WHAT THE EXERCISE ASKS
Find the line holding "Marin Montagut travaille" in the entries below. Give it again exactly, along with every line after it up to and including the line holding "Sebze ve meyveler otoyola saçıldı".

DATA EXTRACT
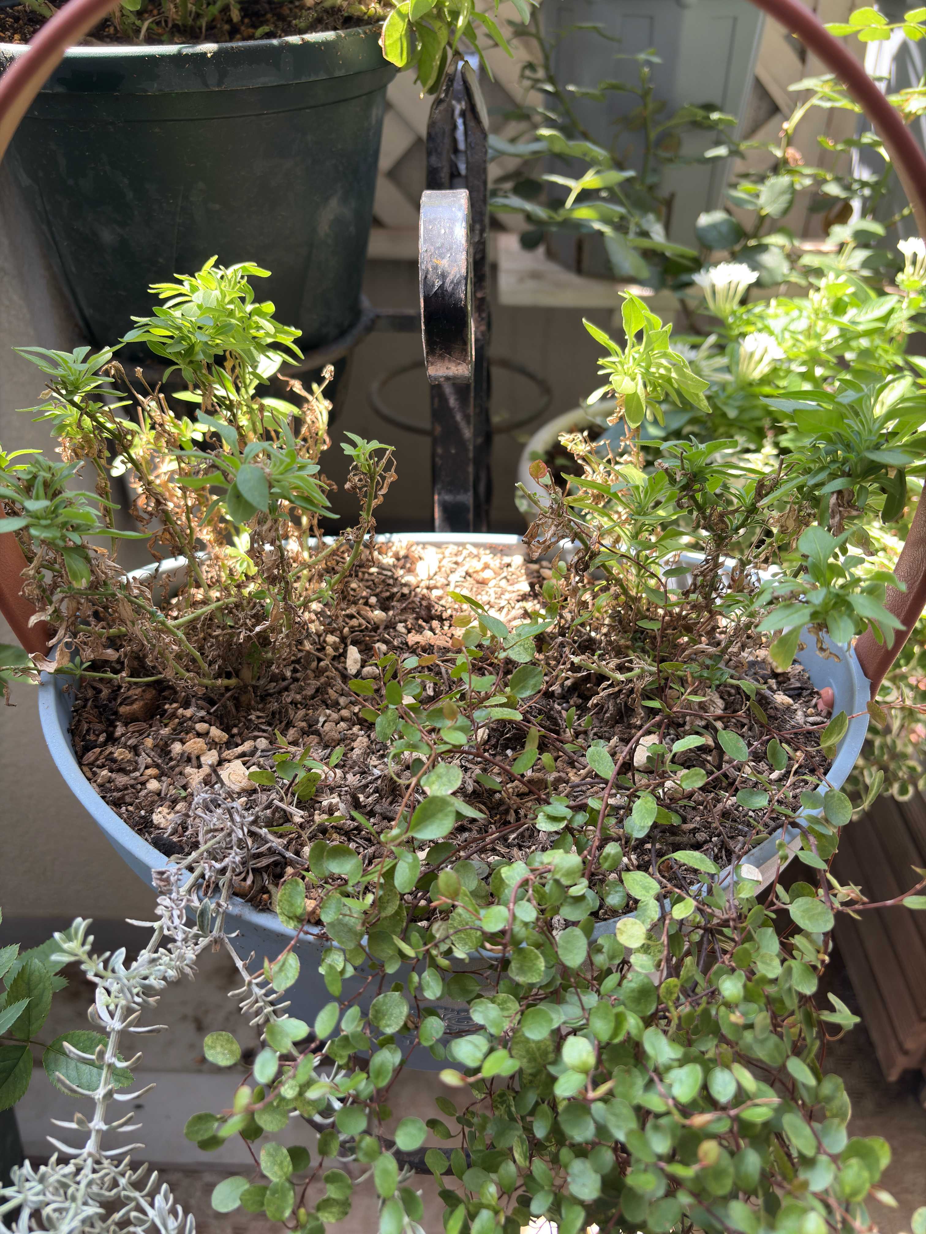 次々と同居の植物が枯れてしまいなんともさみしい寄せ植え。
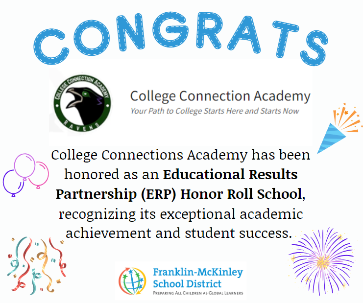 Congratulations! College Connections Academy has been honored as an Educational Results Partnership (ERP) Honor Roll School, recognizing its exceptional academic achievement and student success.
* * *
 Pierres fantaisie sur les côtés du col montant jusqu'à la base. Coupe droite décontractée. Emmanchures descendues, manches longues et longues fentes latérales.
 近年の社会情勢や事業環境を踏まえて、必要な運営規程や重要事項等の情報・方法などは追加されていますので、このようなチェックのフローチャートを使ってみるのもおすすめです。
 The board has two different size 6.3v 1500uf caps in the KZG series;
--
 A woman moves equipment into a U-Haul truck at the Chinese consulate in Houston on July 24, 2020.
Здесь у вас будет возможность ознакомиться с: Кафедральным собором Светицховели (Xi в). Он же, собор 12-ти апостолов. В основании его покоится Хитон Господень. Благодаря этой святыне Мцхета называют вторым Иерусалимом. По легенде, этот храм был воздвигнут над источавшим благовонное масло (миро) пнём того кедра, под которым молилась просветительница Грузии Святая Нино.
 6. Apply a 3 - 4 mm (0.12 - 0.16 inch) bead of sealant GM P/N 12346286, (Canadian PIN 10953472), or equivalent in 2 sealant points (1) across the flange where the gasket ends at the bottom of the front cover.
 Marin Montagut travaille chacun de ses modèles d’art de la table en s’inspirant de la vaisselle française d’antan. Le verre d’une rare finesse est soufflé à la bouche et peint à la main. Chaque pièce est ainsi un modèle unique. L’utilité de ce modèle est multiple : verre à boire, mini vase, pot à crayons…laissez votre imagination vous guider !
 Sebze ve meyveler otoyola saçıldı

TASK OUTPUT
 Marin Montagut travaille chacun de ses modèles d’art de la table en s’inspirant de la vaisselle française d’antan. Le verre d’une rare finesse est soufflé à la bouche et peint à la main. Chaque pièce est ainsi un modèle unique. L’utilité de ce modèle est multiple : verre à boire, mini vase, pot à crayons…laissez votre imagination vous guider !
 Sebze ve meyveler otoyola saçıldı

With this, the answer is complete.